Syndax Pharmaceuticals sidestepped an IPO a few months back when it found its cancer drug, entinostat, might have a benefit it didn’t originally anticipate. Now the Waltham, MA-based company is putting that thesis to the test through a deal with Merck.
The two companies announced this morning that they’ll run a Phase 1b/2 clinical trial testing Syndax’s entinostat with Merck’s (NYSE: MRK) so-called “checkpoint inhibitor” cancer drug, pembrolizumab (Keytruda), in patients with either advanced non-small cell lung cancer or melanoma. Financial terms weren’t disclosed, but Merck and Syndax will start enrolling patients in the second half of the year. They could also exercise an option to extend the pact to a Phase 3 study if all goes well.
The trial has two parts: a Phase 1b portion that’ll test the safety of entinostat when combined with Merck’s drug; and a Phase 2 study to see if the drug can effectively treat patients with advanced lung and skin cancers.
This is the type of deal that Syndax CEO Arlene Morris hinted to Xconomy recently was coming. Syndax was planning to take itself public last year, aiming to use the cash partly to fund a late-stage study of entinostat in breast cancer. The drug is what’s known as a selective inhibitor of histone deacetylases, or HDACs, and Syndax has been developing it as an add-on to hormone therapy for breast cancer patients. The idea is that entinostat can make tumor cells more vulnerable to hormone therapy, enabling patients to delay shifting to chemotherapy.
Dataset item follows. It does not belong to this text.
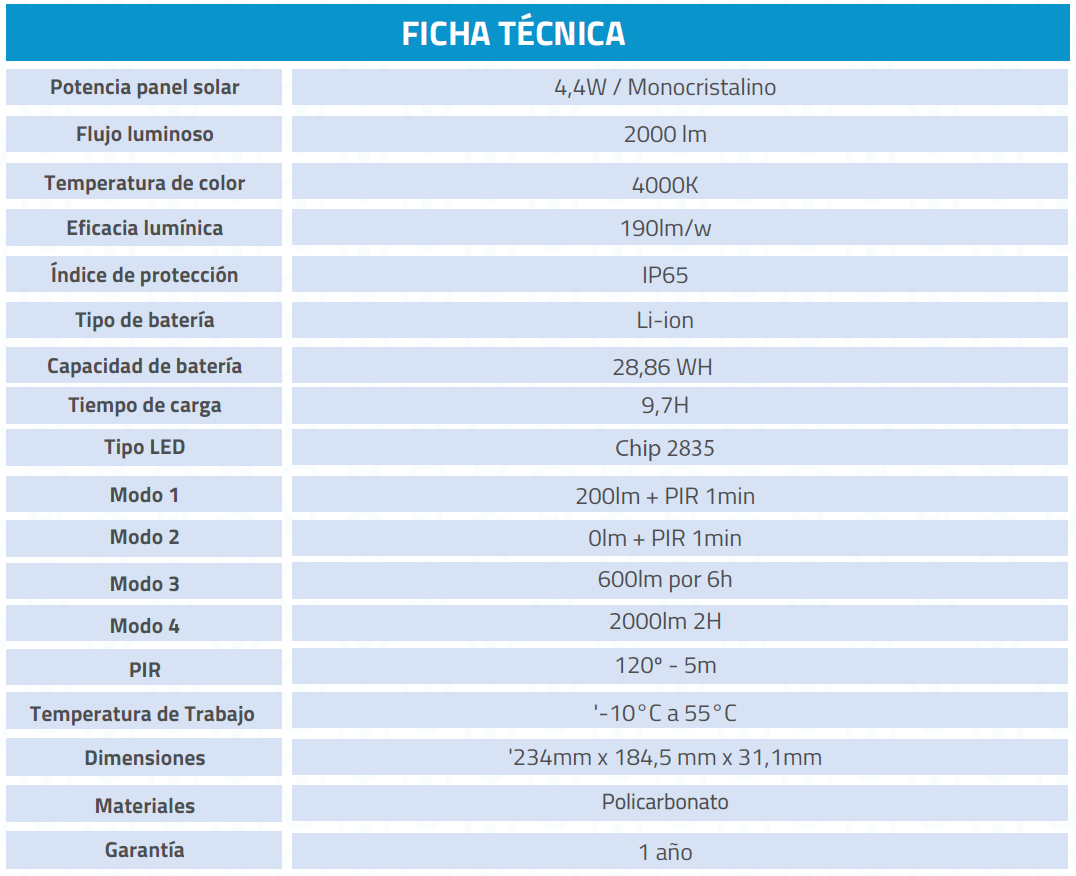 Luminaria solar tipo proyector de área con panel fotovoltaico extendible hasta 5 metros, permitiendo su uso bajo techo.

Syndax is still pursuing that strategy—data are expected in 2017, and it’s won a breakthrough therapy designation from the FDA for entinostat in breast cancer—but another opportunity unexpectedly opened up too. A preclinical study published in the Proceedings of the National Academy of Sciences last year showed that entinostat might boost the effectiveness of two types of checkpoint drugs—PD-1 and CTLA-4 blockers, which help the immune system recognize tumors. PD-1 inhibitors (like Merck’s pembrolizumab) and CTLA-4 blockers (such as Bristol-Myers Squibb’s ipilimumab (Yervoy)) are among the first in a new wave of cancer treatments that harness the immune system, rather than just nuke tumors and healthy tissue like chemotherapy.
Morris told Xconomy in February that the data steered Syndax away from an IPO. “We thought we ought to step back from the financing process and figure out where that takes us,” she said at the time.
Syndax instead cut a $100 million licensing deal with the Japanese drug firm Kyowa Hakko Kirin, pulled the IPO in January, and started eyeing the mix-and-match game for cancer immunotherapy. Drug companies have been joining forces, running combination trials testing checkpoint inhibitors with various other drugs, looking for the best pairings to boost their abilities.
Morris said in February that Syndax would soon announce such a deal, and ponder a return to the IPO queue down the road. It checked the first of those two boxes this morning.
“We hope that entinostat in combination with [pembrolizumab] may build upon the enormous promise of immunotherapy in treating multiple forms of cancer,” she said in a statement.